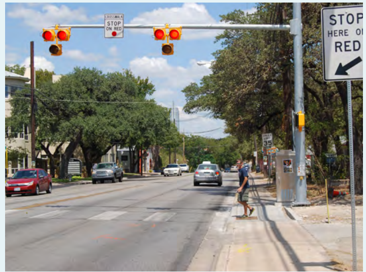
Pedestrian hybrid beacons enhance safety for walkers crossing multilane roads in Austin, TX.

“FHWA is here to STEP agencies through the process and provide technical assistance on developing policies or processes, selecting countermeasures or projects, prioritizing, and leading road safety audits ,” said Crowe. “We also offer training and workshops, which can be a 1-day workshop with a field exercise
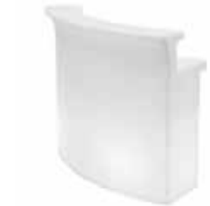
BT463 ITALIA DELUXE BAR White, with light 68"Wx24"Dx44"H
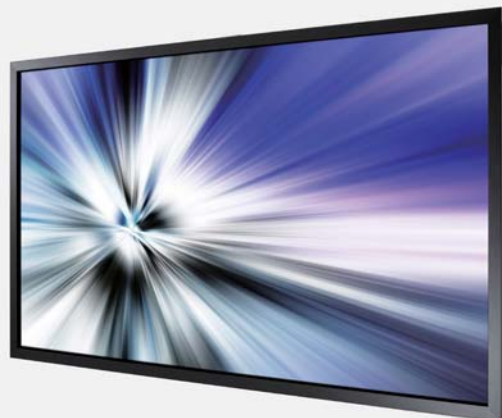
Figure 15. TM75LBC

For Samsung D-Series displays, most of the touch functionality can be achieved even without an SBB or PIM, however, an SBB or PIM can be added to bring out the capabilities of Samsung MagicIWB®.

*Task objective*. If the records include pictures, omit them and transcribe everything else exactly.

*Response to this task*.
Pedestrian hybrid beacons enhance safety for walkers crossing multilane roads in Austin, TX.

“FHWA is here to STEP agencies through the process and provide technical assistance on developing policies or processes, selecting countermeasures or projects, prioritizing, and leading road safety audits ,” said Crowe. “We also offer training and workshops, which can be a 1-day workshop with a field exercise
BT463 ITALIA DELUXE BAR White, with light 68"Wx24"Dx44"H
Figure 15. TM75LBC

For Samsung D-Series displays, most of the touch functionality can be achieved even without an SBB or PIM, however, an SBB or PIM can be added to bring out the capabilities of Samsung MagicIWB®.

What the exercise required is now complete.